As multiple lower court rulings have pointed out, such sweeping delegation of power to the executive branch would likely be unconstitutional, which is a further reason to interpret the statute in a way that avoids that problem, if possible.
In his dissent on behalf of the three liberal justices, Justice Stephen Breyer takes issue with the majority's interpretation of Section 361. But, significantly, he has no real answer to the point that the interpretation advocated by the government would give the CDC virtually unlimited power.
Breyer also argues that the majority acted too hastily in reinstating the district court's order, because lower courts were split over the legality of the original eviction moratorium (which suggests the issue is disputable). It is true there was disagreement in the lower courts, including a seriously flawed DC Circuit opinion supporting the moratorium in the case currently before the Supreme Court. But a large majority of lower court rulings on the issue (six of nine) went against the moratorium. And that doesn't count a recent Eleventh Circuit ruling, in which a 2-1 majority refused (on procedural grounds) to issue a preliminary injunction blocking the moratorium, but all three judges strongly suggested they believe the CDC order is illegal.
Moreover, as the majority pointed out, the legality of the CDC's eviction moratoria has been extensively litigated in the lower courts, and twice briefed before the Supreme Court itself. By now, the issues at stake have already been extensively aired.
Tonight's ruling is not, technically, a final decision on the merits. All it does is grant the plaintiffs' procedural motion to lift the stay against enforcement of the district court ruling against the CDC. But, as a practical matter, it is a clear and unambiguous signal of where the Supreme Court stands.
Moreover, for reasons I explained in my analysis of the original district court decision, that decision can plausibly be interpreted as a nationwide ruling vacating the CDC order, one not limited to the parties to this specific case. However, I am not expert on this particular procedural question, and therefore welcome correction by those with greater knowledge.
Even if tonight's decision does not immediately put an end to the moratorium, it does create a precedent that lower court judges will likely use to rule against the CDC in all the other cases challenging the moratorium around the country.

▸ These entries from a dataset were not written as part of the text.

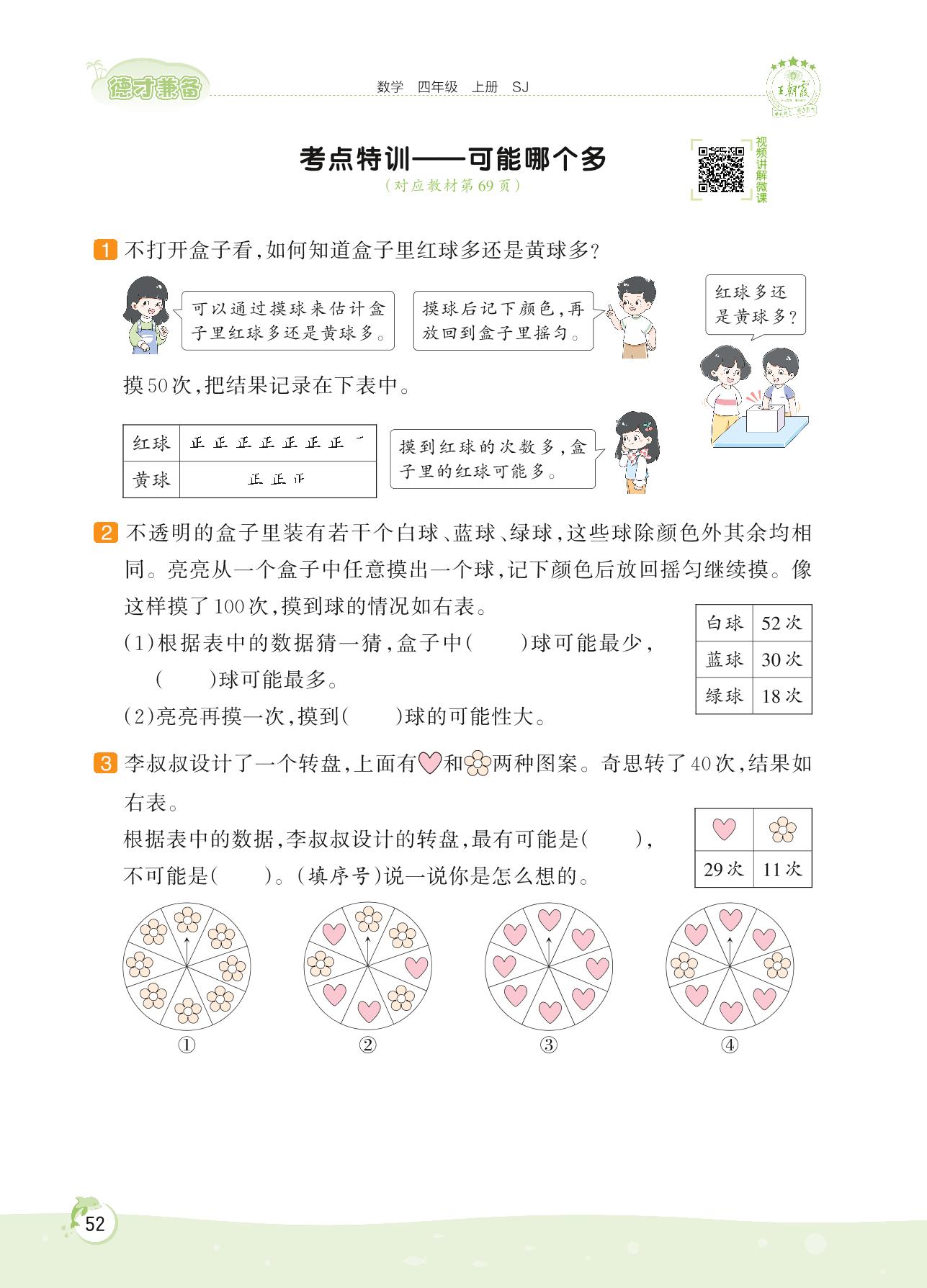 2022上册四年级数学苏教版 第六单元 可能性——考点特训 可能哪个多
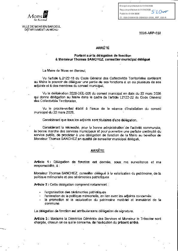 Délégation de fonction à M. Thomas SANCHEZ, conseiller municipal délégué
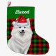 American Eskimo Dog Plaid with Name Large Christmas Stocking
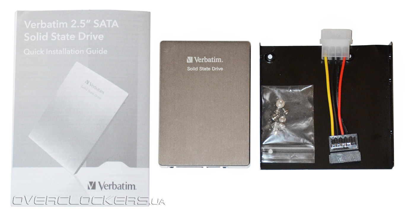 В комплекте есть инструкция, переходник питания с обычного четырехконтактного разъема и переходник для установки накопителя в 3,5” отсек.
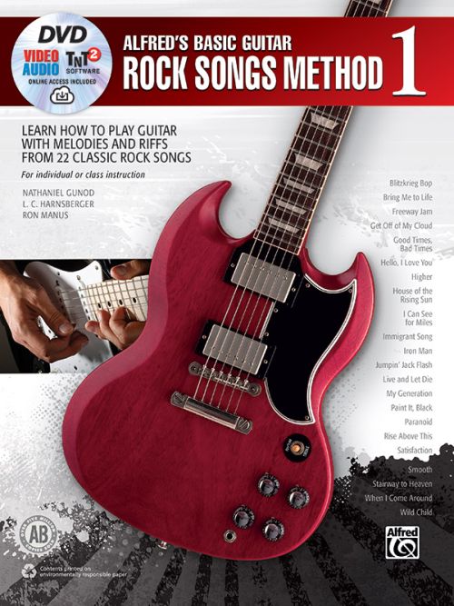 The latest addition to Alfred's best-selling Alfred's Basic Guitar Method series, Alfred's Basic Guitar Rock Songs Method 1 features melodies, licks, and riffs from 22 of the best-known rock songs. Familiar rock songs we all know and love, along with helpful photos and diagrams, help introduce each new technique and concept. Featuring the same clear, well-paced instruction that sets Alfred's Basic Guitar Method apart, you'll start by learning the basics and will be playing classic riffs and licks in no time. Learning to play guitar has never been easier or more fun! The included DVD features companion video lessons, MP3 audio demonstration tracks, and exclusive TNT 2 software, which lets you customize audio tracks for practice. The video, audio, and TNT 2 software are also accessible online.
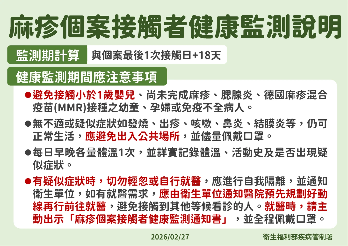 麻疹個案接觸者健康監測期間注意事項。疾管署提供
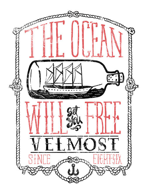 La figura del mar vuelve a aparecer en Velmost, una pequeña marca de camisetas que Giraldo ha creado y en el que los elementos marítimos vuelven a tener un papel importante en sus diseños.
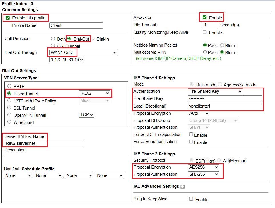 - Seleccionar IPsec IKEv2 nas definições de Dial-Out
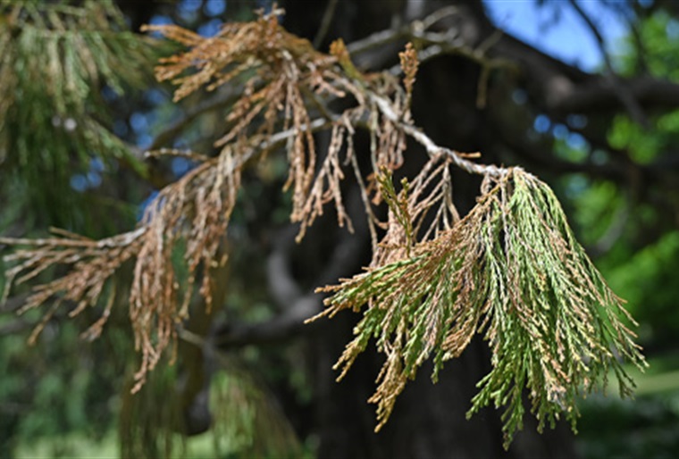 One of the two giant sequoias in St David''s Park is showing severe signs of distress.
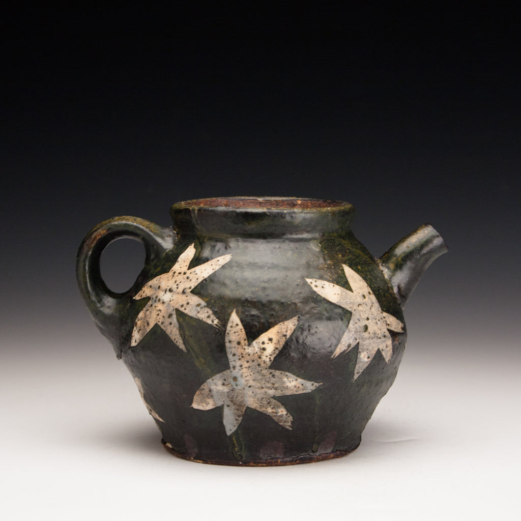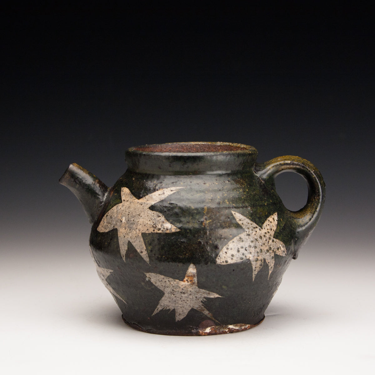 Wood fired local red clay.Wax resist and iron deco. 7 x 4.5 x 5
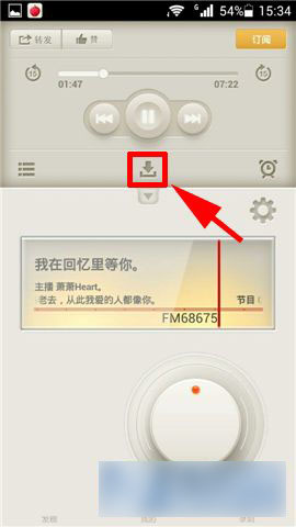 1)打开荔枝FM,然后在听到需要下载的节目的时候点击上方正中间的【下拉按钮】。(如下图)
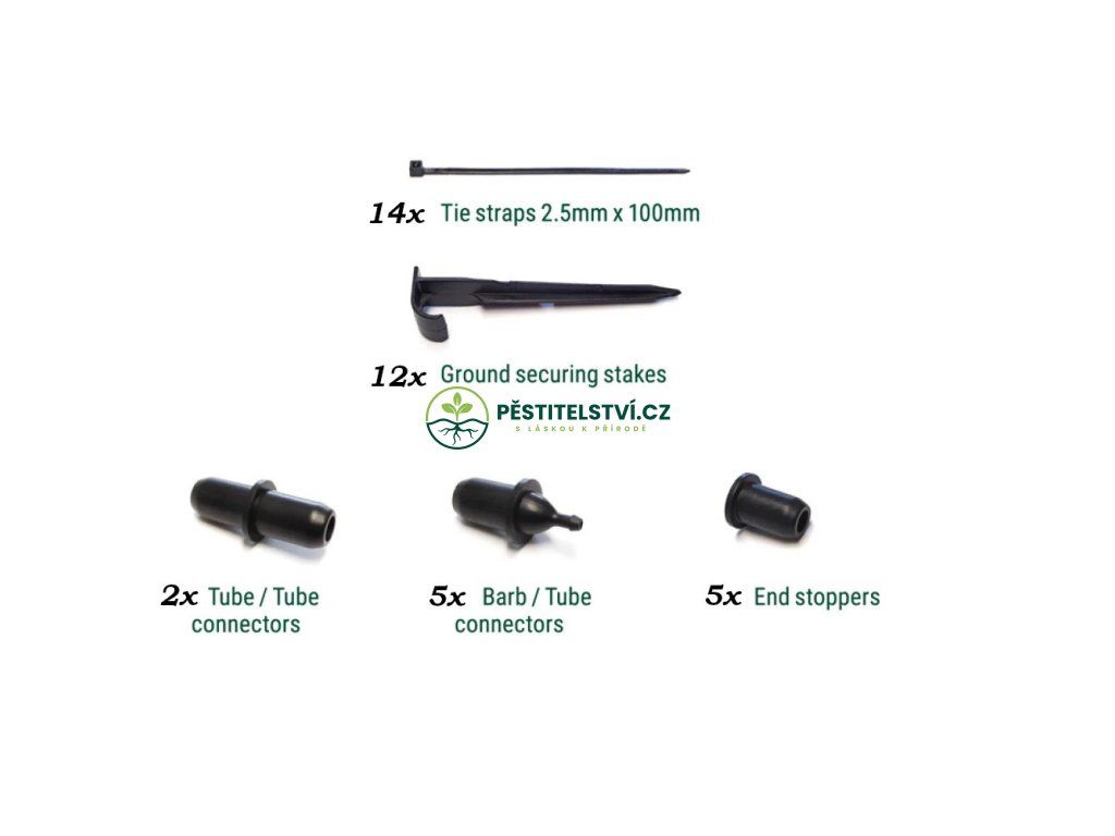 Poskytuje dostatek komponentů pro vytvoření 5 dalších rozboček v ploché zavlažovací hadici.

Thus, practically speaking, the moratorium can no longer be effectively enforced against any property owners that choose to challenge it in court.
Tonight's ruling, like many of the earlier decisions in the eviction moratorium litigation, split the justices along left-right ideological lines. I lament that division.
Many on the left are likely to be unhappy with the result. But, as I have emphasized many times before, going back all the way to the initial enactment of the moratorium under Trump, progressives should ask themselves whether they really want the executive branch to have such sweeping power to shut down virtually any human activity of any kind. Even if you trust Biden to wield that power responsibly, do you have the same trust in the next Republican president?
People can differ over the policy merits of the eviction moratorium (I myself am highly skeptical of them). But both left and right have reason to be happy that the White House and CDC will be denied what one lower court ruling against the moratorium rightly called "near-dictatorial power."
NOTE: The plaintiffs in some of the lawsuits against the eviction moratorium (though not the one the Supreme Court just ruled on) are represented by the Pacific Legal Foundation, where my wife works. I myself have played a minor (unpaid) role in advising PLF on this litigation.